First one I've ever seen!  Congrats!


----------



## eazywind (Oct 27, 2009)

*Oh Phil......*

Oh Phil............Heh, Heh...........


----------



## RMS37 (Oct 27, 2009)

I spoke with John, the new owner, after he found the bike and just before he purchased it. 

From conversations I had with Leon Dixon some time ago I learned that CWC actually produced a "Chrome Master" badge that was used on some version of a Full Chrome Roadmaster. Both this bike and the 1936/37 Ladies bike that John also turned up a while back have standard Roadmaster badges so whether these are "Chrome Masters" or Chrome Roadmasters is a matter of speculation.

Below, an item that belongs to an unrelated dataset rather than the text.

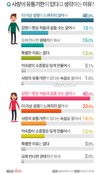 여성 47%는 '감정이 항상 처음과 같을 수는 없어서'를 이유로 꼽았다.
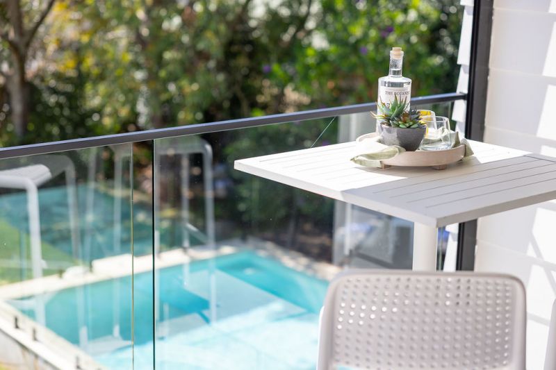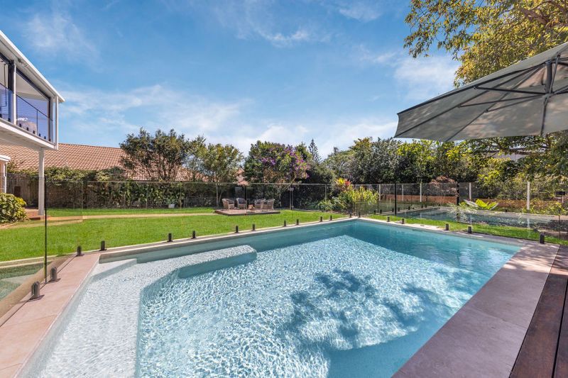 • A sparkling salt-cell swimming pool with frameless glass fencing and sunbathing deck

The 1937 catalog depicts Chrome versions of the basic models as special models unto themselves and the company priced them above the tank-less boy's Supreme and just below the boy's and Girl's tank models. Needless to say the chrome bill was big then as it is now. 

Other than the 1937 CWC catalog I don't know of any catalog offerings for all chrome bikes but there are rumors of them existing in print outside the catalogs as Classicrider pointed out.

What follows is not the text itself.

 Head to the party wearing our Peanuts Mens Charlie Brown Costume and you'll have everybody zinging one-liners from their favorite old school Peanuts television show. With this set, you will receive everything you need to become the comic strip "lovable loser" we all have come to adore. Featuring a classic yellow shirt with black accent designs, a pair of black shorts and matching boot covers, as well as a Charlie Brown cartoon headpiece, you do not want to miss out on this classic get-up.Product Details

Another possibility is that this bike is a design prototype or special show bike that was never meant for series production. It has an interesting mix of parts and the bumper truss rods in the front appear to be slightly different than the standard production versions (the rears are definitely not like any production item).

As for dating the bike the serial number equates to late 1949/early 1950 by my serial number model and the bike has the 47-49 dropouts combined with the formed plate rear fender bridges which begin to appear on frames just before the move to the 50-53 style dropouts.

John seems to have a divining knack for finding chrome Roadmasters so I'm really looking forward to what he finds next!


----------



## ChadB (Nov 3, 2009)

I have one of those ball lights for my Roadmaster, but it doesn't fit on the fork unless it's tilted down slightly...Is it supposed to be like that? I notice this chrome bike has the same light but it's mounted up and away from the fork tube.


----------



## hzqw2l (Apr 27, 2010)

Here's the bike cleaned for the Ann Arbor show last Sunday.  

I entered it as a 1948 Roadmaster in the Best 1940's Classic Bike catagory sponsored by the Classic Bicycle News.

To my suprise it Won.

Here's a shot with Scott McCaskey with the bike at the show.





And outside on Monday.


----------



## PCHiggin (Apr 28, 2010)

I saw that bike, It's a beauty! Awesome clean up job.I didn't get next to it,but the chrome looks great. Nice find and congrats on the award.

Pat


----------